Brasil no despegó hacia su destino de potencia mundial. Peor que eso, ahora lo que vemos es una democracia tratando de permanecer a flote a duras penas, con la mitad del cuerpo sumergido en el barro. A la vuelta de una década, lo que existe es un país que se encamina hacia una incógnita, gobernado por un reemplazante de última hora que usa la presidencia para evitar ser investigado por corrupción; un país con decenas de parlamentarios imputados por recibir coimas y en donde los militares salen a las calles para controlar la delincuencia; una nación que tiene como serio precandidato a la presidencia a un ultraderechista y fanático religioso. Mientras todo eso ocurre, Lula enfrenta la cárcel luego de haber sido encontrado culpable de haber recibido un departamento de lujo como soborno de parte del directivo de una constructora a cambio de contratos millonarios. El expresidente y sus partidarios alegan que las pruebas son débiles o derechamente inexistentes. El juez consideró, sin embargo, que existía evidencia para condenarlo, entre otras, la fotografía del presidente de la constructora –condenado por corrupción- entregándole las llaves del inmueble a Lula. ¿Es Lula un hombre corrupto? Un juez determinó que sí lo era. ¿Es eso una derrota para la izquierda que representaba? Sí. Lo es ¿Significa eso que sus adversarios están limpios? No, en absoluto. La mugre camina con ellos y su forma de hacerse del poder -usando una artimaña administrativa para sacar a Dilma Rousseff de escena- se parece más a un nuevo estilo de golpe de Estado en cámara lenta que a un arranque por limpiar la política brasileña.

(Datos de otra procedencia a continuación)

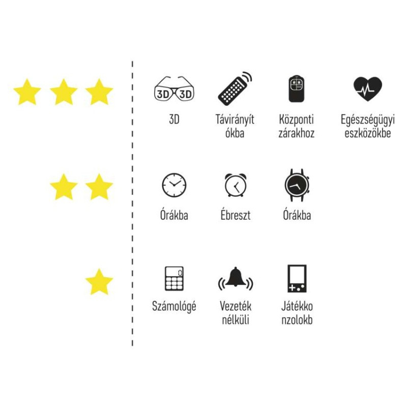 * Felhasználás: Karórák, számológépek, kamerák, orvosi implantátumok, autók kulcsainak távirányítói, vészvilágítások.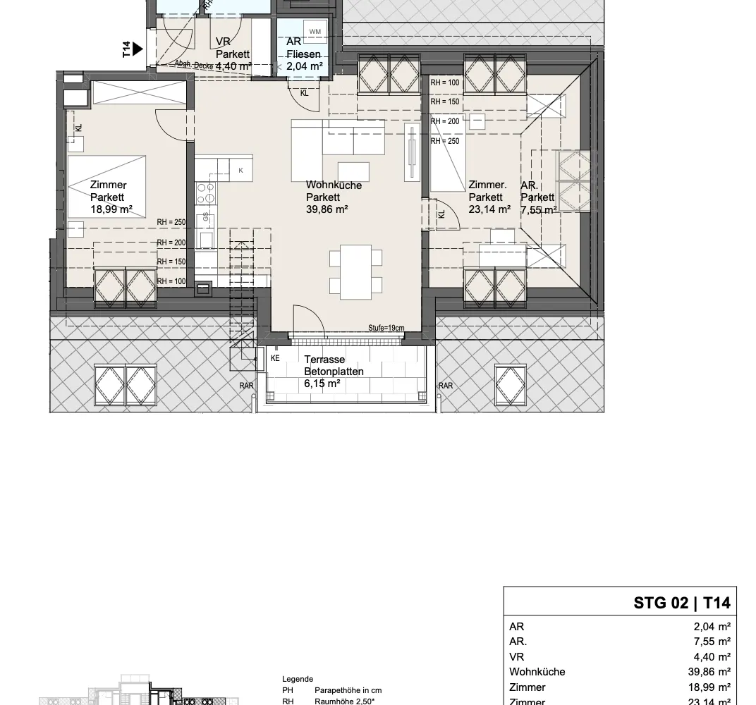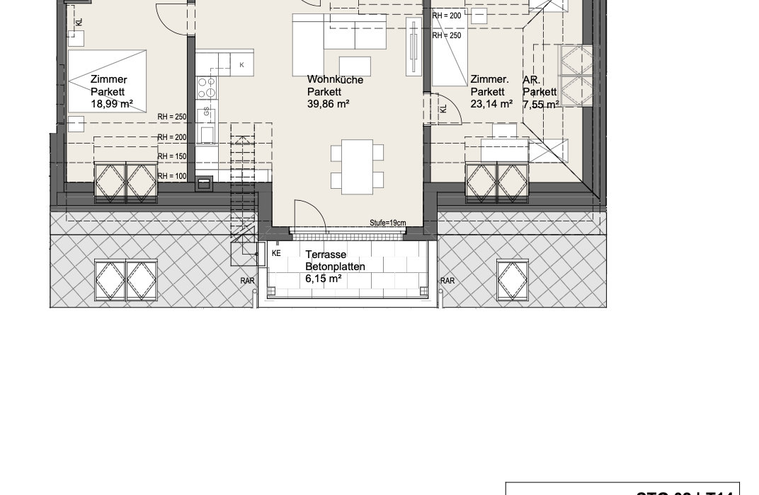 Stg. 2 Top 14 | 3 Zimmer | ca. 103 m² + ca. 41 m² Freifläche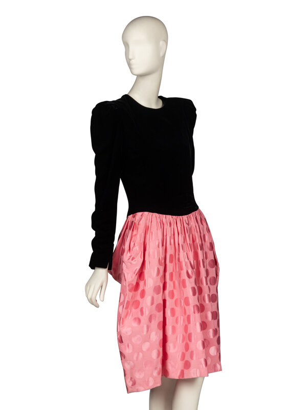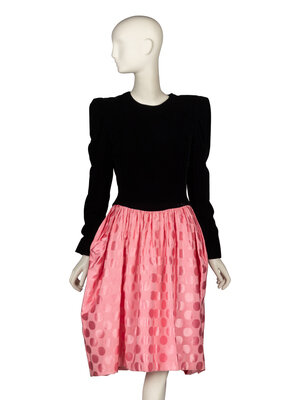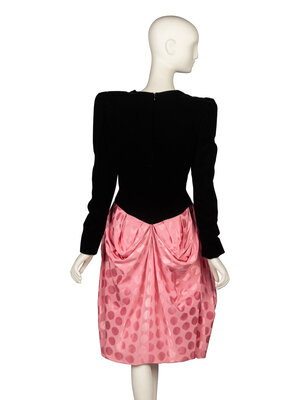Cocktail dress in black acetate/rayon-blend velvet; cotton-blend pink faille jacquard with a polka dot pattern. Round collarless neckline. Fitted bodice with padded shoulders. Leg-of-mutton sleeves with reinforced sleeve heads and zipper closures at sleeve hems. Knee length gathered skirt with draped details at back. Fully lined in tonal china silk.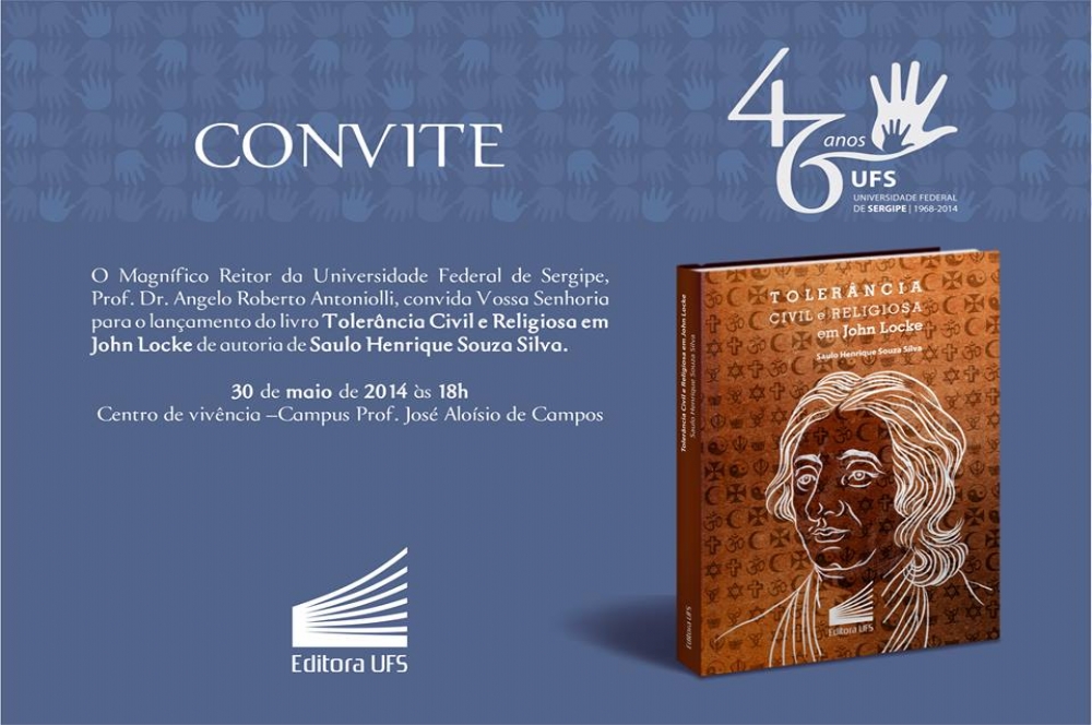No dia 30 desse mês será lançado em Aracaju o lançamento da obra Tolerância Civil e Religiosa em John Locke. Trata-se da primeira publicação sobre o tema da tolerância civil e religiosa a partir da obra do filósofo inglês John Locke no Brasil. Sobre isso, cabe ressaltar que Locke foi um dos primeiros pensadores a pôr o tema da tolerância na ordem do dia das discussões filosóficas.

"¿Por qué os llaman corruptos?", le gritó en 2014 aquel hombre a Felipe González. El expresidente mantuvo silencio. Esa pregunta no era una acusación directa, era más bien el ruego de alguien que pedía una explicación urgente a otro en quien había confiado. Hay una generación completa que parece estar pidiendo lo mismo, no sólo en España y Brasil, sino aquí mismo en Chile, en donde también hemos sido testigos de la forma en que cierta izquierda decidió acercarse al mercado, hacerle guiños, sentarse en la misma mesa para acabar sumergida en un mundo del que supuestamente debían guardar distancia. Ensayaron un nuevo baile -supuestamente por el bien común- y acabaron por perderse en los abrazos de los nuevos amigos que fueron encontrando en la senda de los directorios de empresas y la felicidad de los seminarios de la ambición perpetua. El club les abrió las puertas, los aceptó y ellos se sintieron que con eso estaban contribuyendo a la democracia. Los negocios acabaron colonizando la política de una izquierda demasiado satisfecha de sí misma. ¿Qué había de malo en grabar un video elogiando a un bróker millonario? ¿Por qué iba a ser incorrecto salir de paseo con el dueño de un gigante de la construcción con hambre de acceder a contratos del Estado? Lo que hicieron fue darle la espalda al electorado que confió en ellos, para de paso diluir en whisky las ideas que supuestamente defendían.
Hay una tragedia brasileña en curso y no es sólo el drama de un líder que cayó en desgracia; es también la agonía de un progresismo que confundió los roles, se deslumbró con el dinero que le pusieron en frente y acabó salpicado por el escándalo, hipotecando, de paso, la democracia.